Martin Weitzman has a new paper out that introduces the concept of a ‘free driver’ externality in the context of climate change responses:
Climate change is a global “free rider” problem because significant abatement of greenhouse gases is an expensive public good requiring international cooperation to apportion compliance among states. But it is also a global “free driver” problem because geoengineering the stratosphere with reflective particles to block incoming solar radiation is so cheap that it could essentially be undertaken unilaterally by one state perceiving itself to be in peril.
It’s a really interesting idea but can it really be described as an externality? The distinction is important because the way you frame the problem defines the solution.
He is saying that the actions of one state to combat global warming could affect other countries, imposing an externality upon them. The paper goes on to say that a governance mechanism to resolve conflicts is required and propose a particular solution. That’s all fine, but why does Weitzman refer to it as an externality? Technically, perhaps it is since the actions of one party affect the welfare of another. But the common usage of the term isn’t that general: an externality is usually an unpriced effect upon another party.
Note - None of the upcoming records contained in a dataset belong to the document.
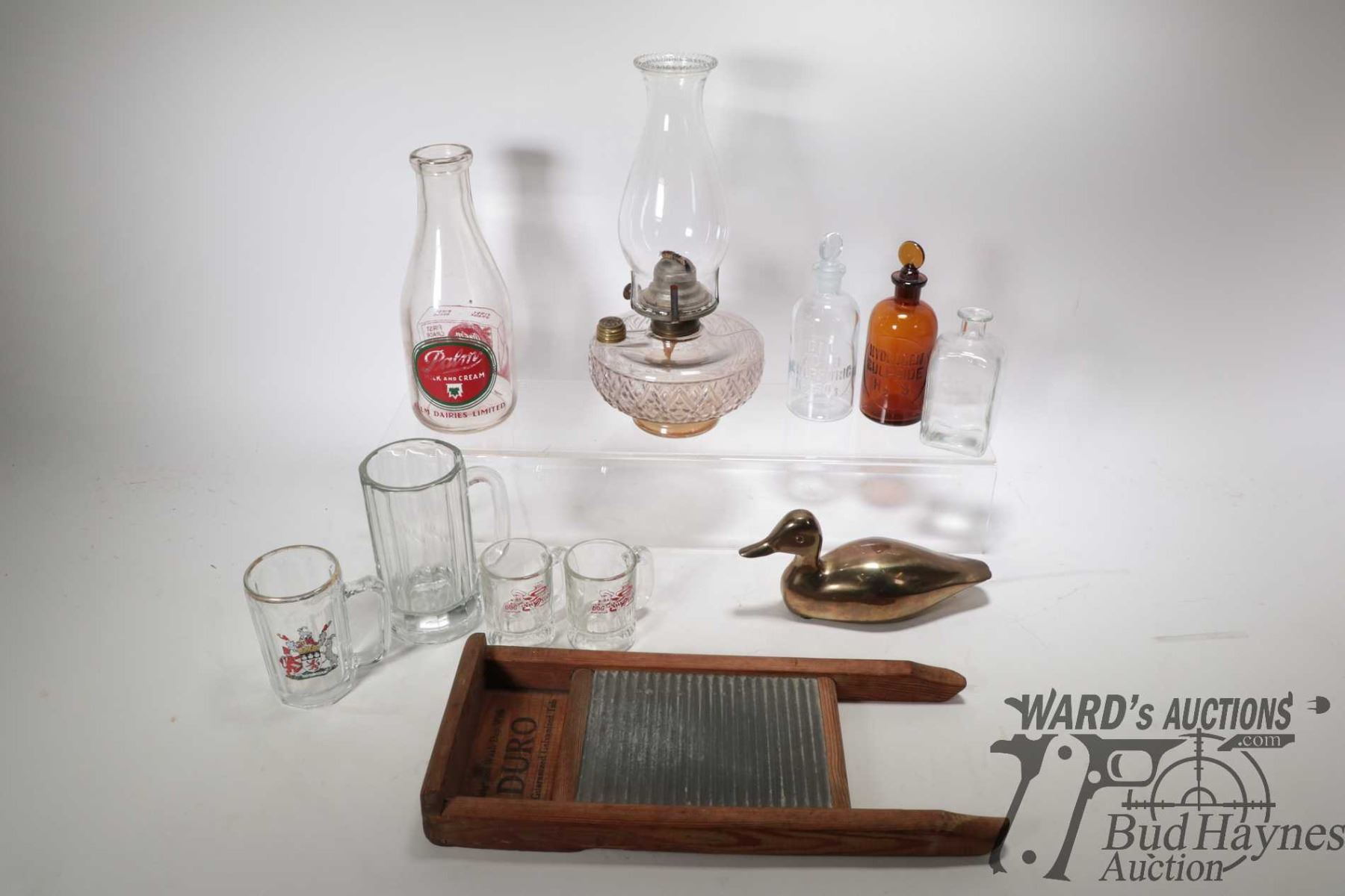 Selection of collectibles including vintage clear glass oil lamp w/ hurricane, DURO mini washboard, four vintage collectible bottles, brass duck, etc
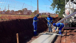 No canteiro já estão em montagem as armações das estacas e, em breve, as vigas pré-fabricadas de concreto.
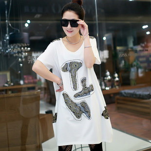2014夏裝新款胖MM大碼休閑T恤 韓版短袖中長款寬松個性上衣女裝潮 /
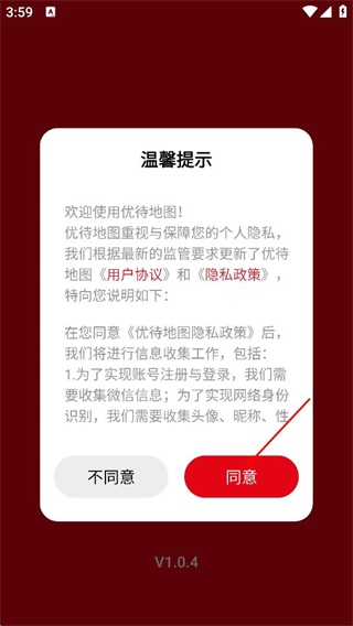 1、在温馨提示弹窗中,阅读隐私政策后,点击同意,继续使用。
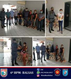 A Polícia Militar do Maranhão (PMMA), através do 4º BPM, sediado em Balsas/MA, distribuiu na manhã de quarta-feira (23) cestas básicas às famílias dos alunos do Pelotão Mirim. As cestas básicas foram disponibilizadas pela Associação de Produtores de Soja em Balsas (APROSOJA) por meio de parceira com a PMMA, em decorrência de um contato do comandante do 4º BPM, major Gilberto, com o presidente da Associação, que se sensibilizou com o Pelotão Mirim e num gesto humanitário doou várias cestas básicas.
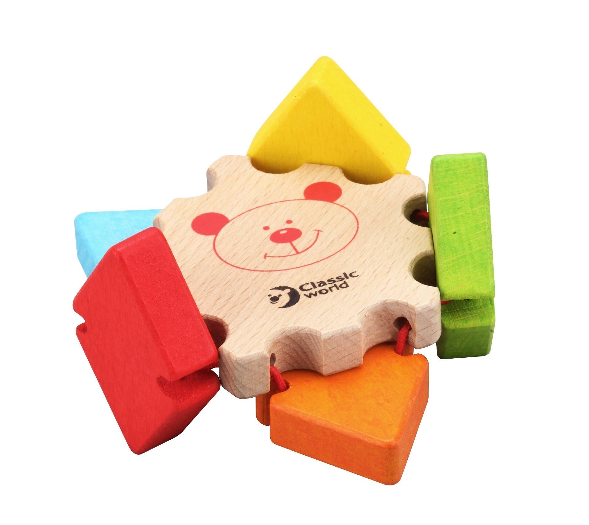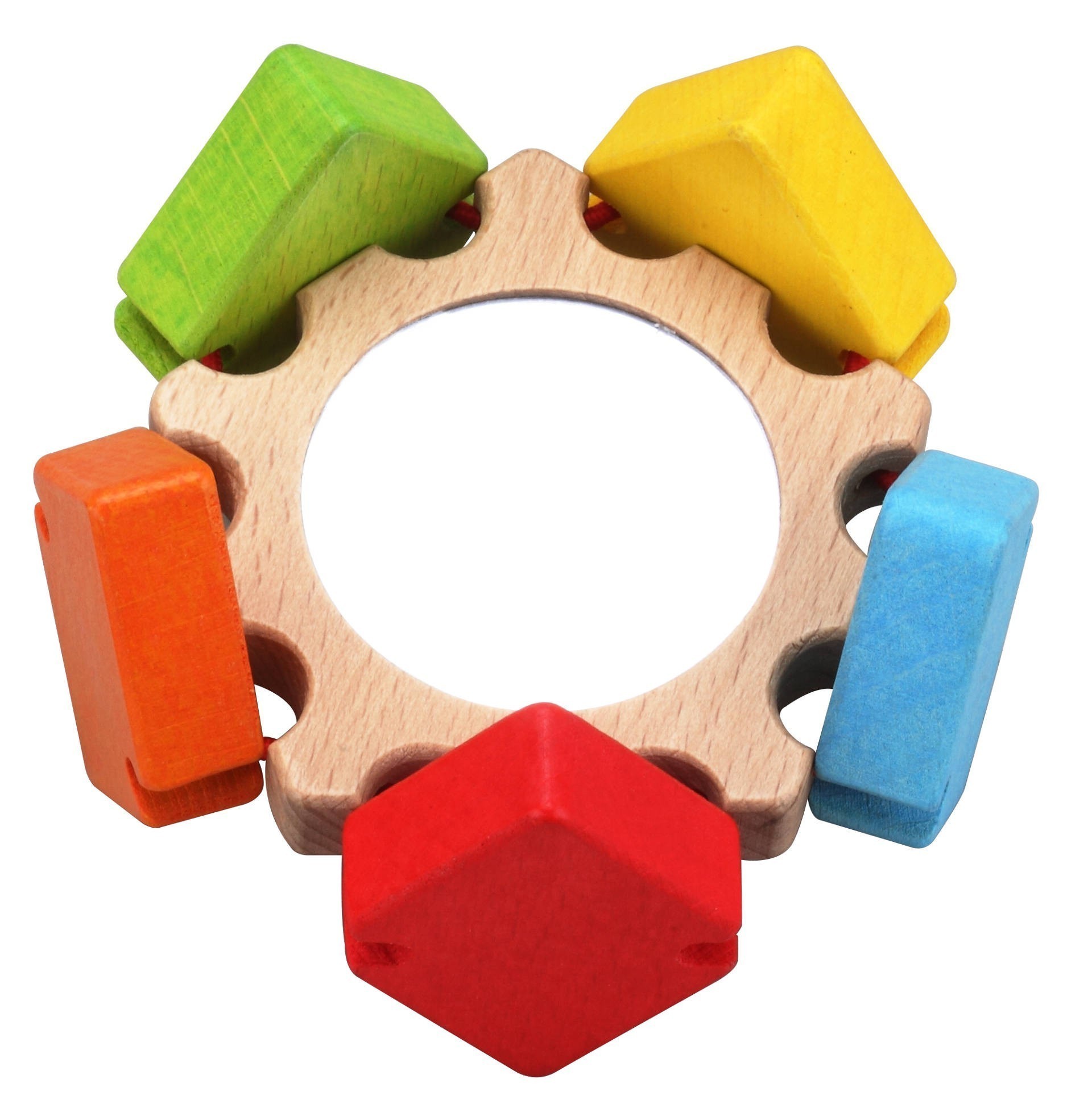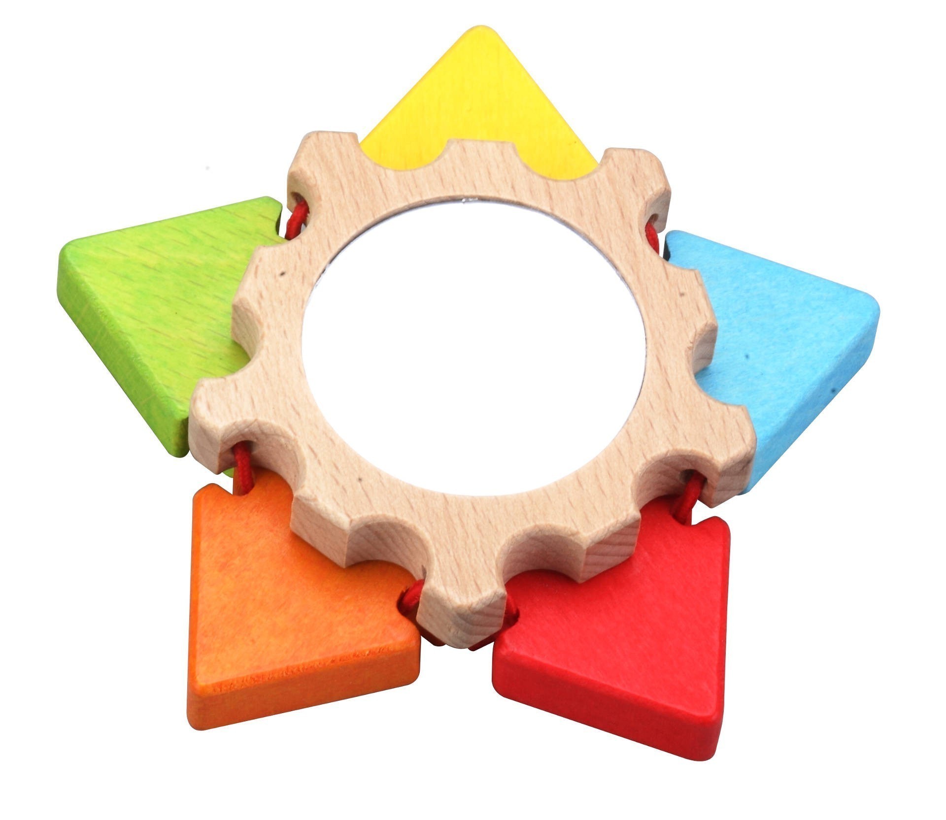 Малкото дървено цвете с огледалце е направено с цветни листенца. Бебето може да ги мести нагоре и надолу, при което те издават приятен „клик-клик“ звук.

Is this free-driver effect unpriced? No. The cost to other countries is reflected in their efforts to cajole the free-driver out of geoengineering the atmosphere. There are many ways that they could threaten the potential free-driver to impose large costs upon it. The fact that Weitzman spends much of the paper developing a governance mechanism demonstrates that. If the effect were unpriced why would the potential free-drivers ever participate?